Federal student loans are real loans, just like car loans or mortgage loans. You must repay a student loan even if your financial circumstances become difficult.
- Federal student loans usually can't be written off in bankruptcy.
- They can't be cancelled because you didn't get the education or job you expected, and
- They can't be cancelled because you didn't complete your education.
You will have a relationship with your loans for many years. Borrow wisely.
Things to Remember
- Student loans are an investment in your future.
- Make a budget and stick with it. Be careful with credit card spending.
- Borrow only what you need.
- If you don't understand something, call your servicer or your financial aid counselor.
- Keep all student loan documents in a file.
- Open all your mail and read everything pertaining to your student loans.
- Keep in contact with your servicer.
- Make all regularly scheduled payments.
- Ask your servicer for help if you start to have difficulty making payments. There are alternative options available.
- Borrowing is an investment in your future.
Loans add up! Watch your finances carefully!

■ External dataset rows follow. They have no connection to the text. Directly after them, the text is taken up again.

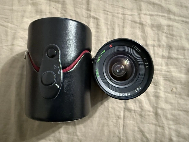 Tokina RMC 17mm f/3.5 ultra-wide lens (Ø67mm filter thread). Great for wide street/architecture/creative perspectives. On a Nikon DX body like the D200, it frames roughly like a ~25.5mm equivalent. Includes: Lens + hard case (as pictured). Mount: Looks like Nikon F mount (please confirm with your camera; happy to let you test on pickup). Condition: Used; body shows normal wear. Glass appears clean in photos; you’re welcome to inspect closely. For Sale By: Owner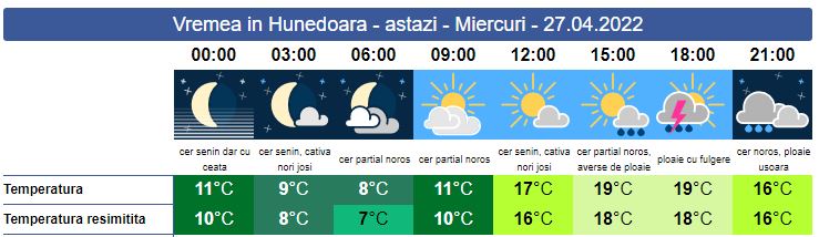 Miercuri, atmosfera va fi schimbătoare cu cer variabil. Soarele răsare la ora 06:51. Începând de la mijlocul acestei nopți, cerul se va înnora, iar în spre a doua parte a zilei se anunță intensificări ale vântului, ploi însoțite de descărcări electrice și căderi de grindină. Soarele va apune la ora 20:01. Minimele zilei se vor situa între 8 și 11 grade, iar cele maxime vor urca spre 20 de grade.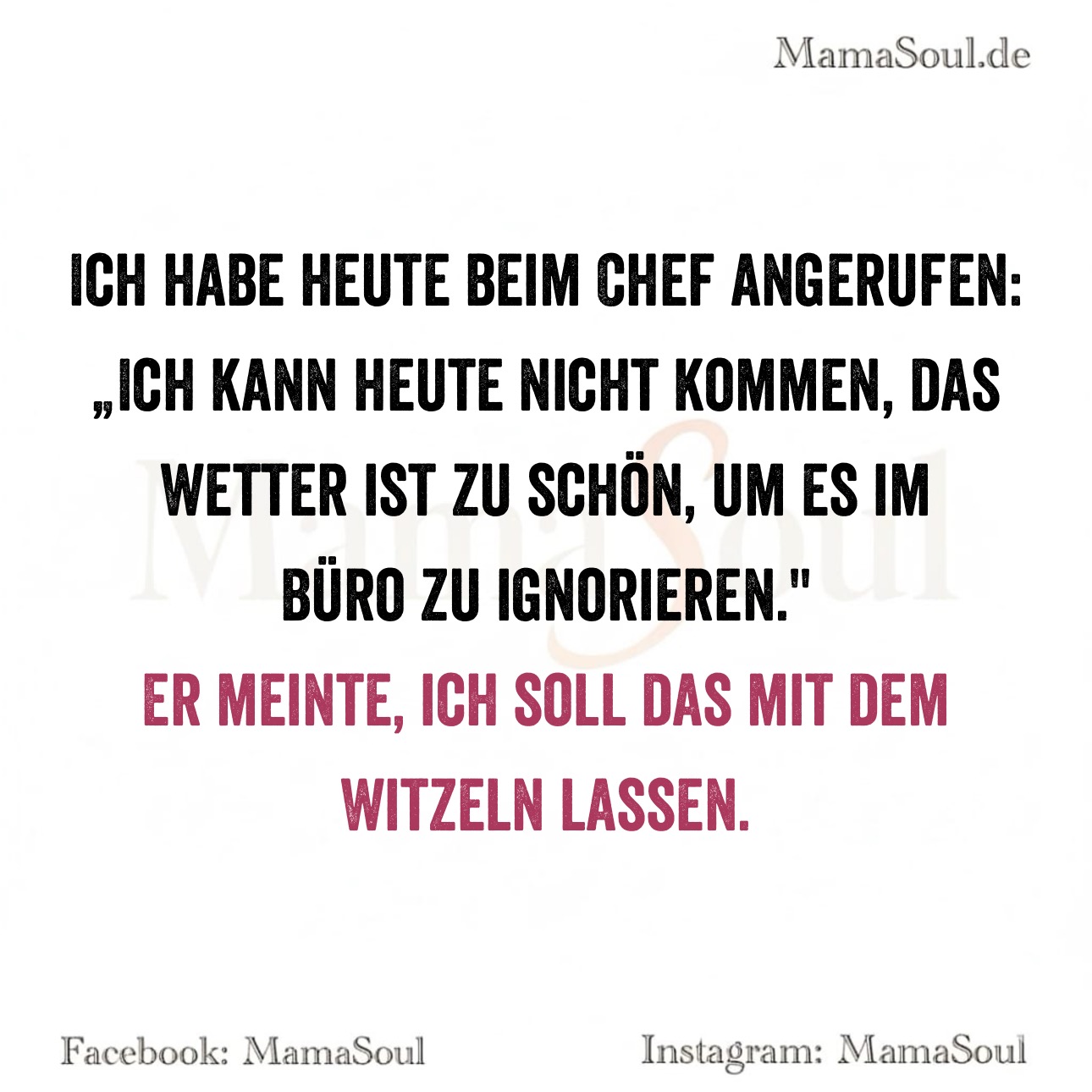Ich habe heute beim Chef angerufen: „Ich kann heute nicht kommen, das Wetter ist zu schön, um es im Büro zu ignorieren." Er meinte, ich soll das mit dem Witzeln lassen.
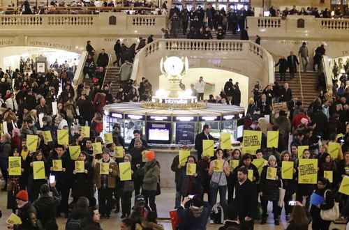 Simpatizantes y miembros de Amnistía Internacional se manifestaron ayer en la Terminal Central de Nueva York contra las políticas migratorias del mandatario estadunidense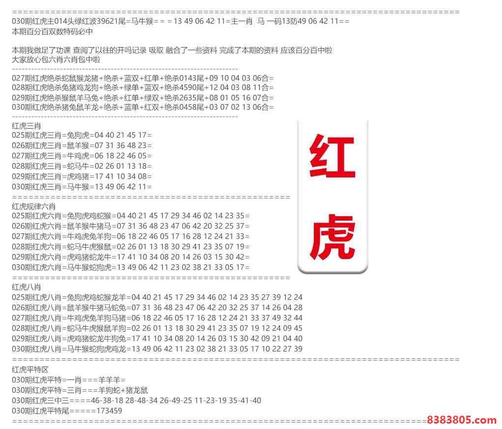 030期:红虎资料

Loans accumulate over the two to four years or more that you will attend school. Estimating the full cost of attendance for the total number of years you plan to attend school will help you understand how much you may have to borrow. Once you have an idea of the total amount of federal student loans you may be taking out, you can see how much your monthly payments could be.
To estimate your monthly payments go to studentloans.gov. A loan calculator is available. You will also see different payment plans available at repayment. Estimating future payments helps to keep borrowing at a minimum.

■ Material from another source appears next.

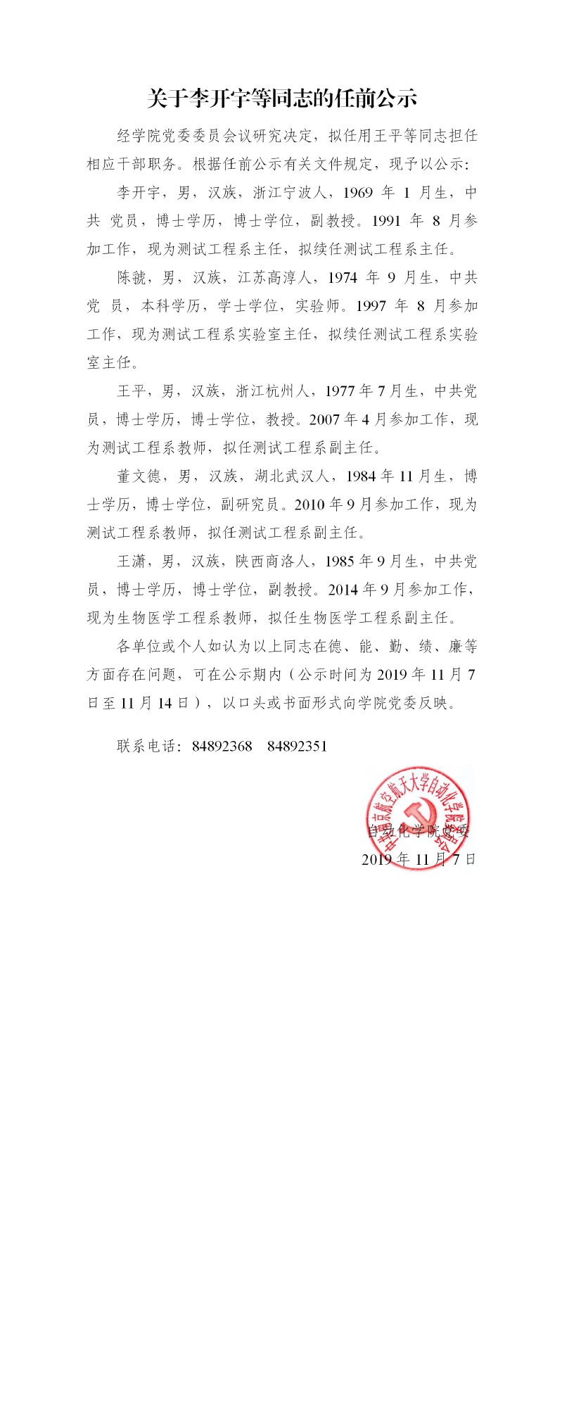 关于李开宇等同志的任前公示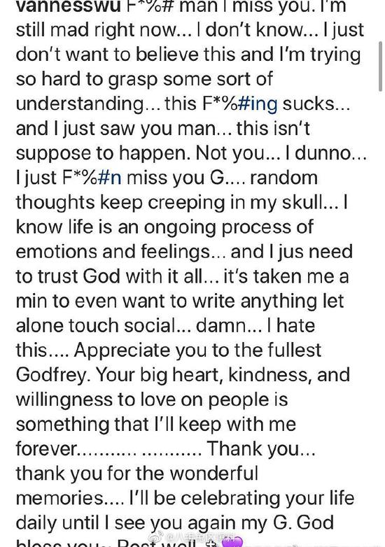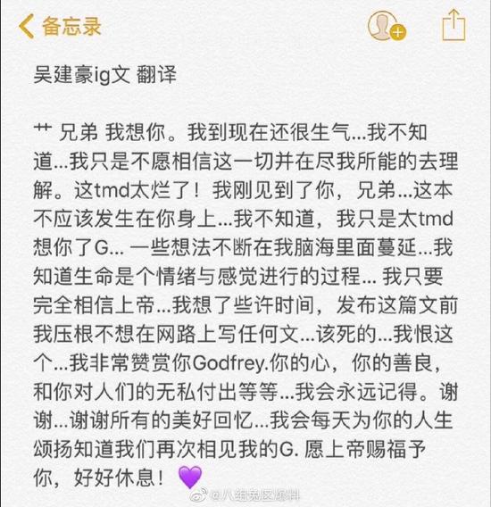 網易娛樂12月4日報道 35歲演員高以翔的突然離世令其親人好友及粉絲都悲痛不已,12月3日深夜,吳建豪發文緬懷好友高以翔,他表示自己很想念好兄弟,到現在還很生氣,更直呼“這太爛了”、“不愿相信這一切”、“這本不應該發聲再你身上”。吳建豪稱自己和高以翔才剛見過,他很贊賞高以翔的心、高以翔的善良,以及高以翔對人們的無私付出等等,他會永遠記得好兄弟,會每天為好友的人生頌揚直到他們再次相見,并希望高以翔可以好好休息。

Keep track of how much you're borrowing.
To keep track of all your U.S. Department of Education loans, access the National Student Loan Data System (NSLDS) at www.nslds.ed.gov, the central database for federal student aid. You'll need to use your PIN to access your information.
Keep good records. Repaying your student loan(s) is a very serious matter, and it's important to keep accurate, accessible records. You should set up a file folder for each loan and file all paperwork. Your file should include:
- Financial aid award letters.
- Loan counseling materials (entrance and exit counseling).
- Promissory note(s).
- Amount of your student loans, including the amount that is disbursed each semester or year. (You may access this information at www.nslds.ed.gov.)

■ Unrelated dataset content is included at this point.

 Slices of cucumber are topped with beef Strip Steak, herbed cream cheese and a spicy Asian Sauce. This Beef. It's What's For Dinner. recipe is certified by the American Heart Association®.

Don't ignore debt. It won't go away.
There are many ways to get help if you are struggling, including changing your payment due date, switching repayment plans, and asking about deferment or forbearance.
What if I can't make my monthly payments?
Your student loan debt is a legal obligation and can be a 10- to 30- year financial commitment.
If you don't make a payment on time or if you start missing payments—even one—your loan is considered delinquent and late fees can be assessed. If you are making late or partial payments, contact your loan servicer immediately for help. If you don't make payments for more than 270 days, your loan will go into default and your credit rating could suffer.
You've made a commitment to yourself and your future. Be a responsible borrower, because loan default has serious consequences:
- Your entire loan balance (principal and interest) will be due in full immediately.
- Your college records may be placed on hold.
- You'll lose your student loan deferment options.
- You won't be eligible for additional federal student aid.
- Your account may be turned over to a collection agency and you'll have to pay additional charges, late fees and collection costs, all of which becomes part of your debt.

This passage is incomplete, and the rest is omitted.